** Material for this task follows **
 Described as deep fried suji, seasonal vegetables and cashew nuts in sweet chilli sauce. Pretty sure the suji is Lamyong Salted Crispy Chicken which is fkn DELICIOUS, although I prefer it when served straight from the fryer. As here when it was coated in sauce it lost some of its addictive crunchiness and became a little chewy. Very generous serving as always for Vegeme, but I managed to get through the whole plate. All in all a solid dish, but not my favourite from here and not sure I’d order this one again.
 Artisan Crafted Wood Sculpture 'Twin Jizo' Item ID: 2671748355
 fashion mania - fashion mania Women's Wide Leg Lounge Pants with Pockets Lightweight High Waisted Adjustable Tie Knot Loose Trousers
** End of Material for this task **
** Material for this task follows **
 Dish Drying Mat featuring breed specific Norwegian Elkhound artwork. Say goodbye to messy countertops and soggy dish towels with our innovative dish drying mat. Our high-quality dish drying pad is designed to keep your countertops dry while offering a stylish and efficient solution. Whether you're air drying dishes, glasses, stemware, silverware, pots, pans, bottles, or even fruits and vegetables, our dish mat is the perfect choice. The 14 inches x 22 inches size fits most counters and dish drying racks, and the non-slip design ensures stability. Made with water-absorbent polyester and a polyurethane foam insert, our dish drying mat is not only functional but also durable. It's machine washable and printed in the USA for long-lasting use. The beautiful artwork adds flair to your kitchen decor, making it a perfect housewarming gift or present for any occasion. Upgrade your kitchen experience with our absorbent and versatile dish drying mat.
** End of Material for this task **
** Material for this task follows **
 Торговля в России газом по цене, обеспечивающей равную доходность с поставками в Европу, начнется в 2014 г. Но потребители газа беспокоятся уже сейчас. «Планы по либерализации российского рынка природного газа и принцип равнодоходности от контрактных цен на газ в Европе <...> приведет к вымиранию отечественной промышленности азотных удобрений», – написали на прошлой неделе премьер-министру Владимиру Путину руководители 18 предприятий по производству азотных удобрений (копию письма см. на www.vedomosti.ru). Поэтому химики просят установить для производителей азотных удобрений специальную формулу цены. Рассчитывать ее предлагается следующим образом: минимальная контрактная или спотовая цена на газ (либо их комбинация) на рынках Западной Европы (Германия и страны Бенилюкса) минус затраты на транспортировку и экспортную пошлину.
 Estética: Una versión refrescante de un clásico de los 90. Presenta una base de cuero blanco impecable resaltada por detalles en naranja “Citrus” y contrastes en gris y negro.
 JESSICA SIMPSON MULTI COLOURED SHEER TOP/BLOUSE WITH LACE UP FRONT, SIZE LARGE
** End of Material for this task **
- _Your task_
Look above for the line with "Estética: Una versión" and the line with "JESSICA SIMPSON MULTI". Write out those two lines and all the lines between them, exactly, and no others.

- _Task solution_
 Estética: Una versión refrescante de un clásico de los 90. Presenta una base de cuero blanco impecable resaltada por detalles en naranja “Citrus” y contrastes en gris y negro.
 JESSICA SIMPSON MULTI COLOURED SHEER TOP/BLOUSE WITH LACE UP FRONT, SIZE LARGE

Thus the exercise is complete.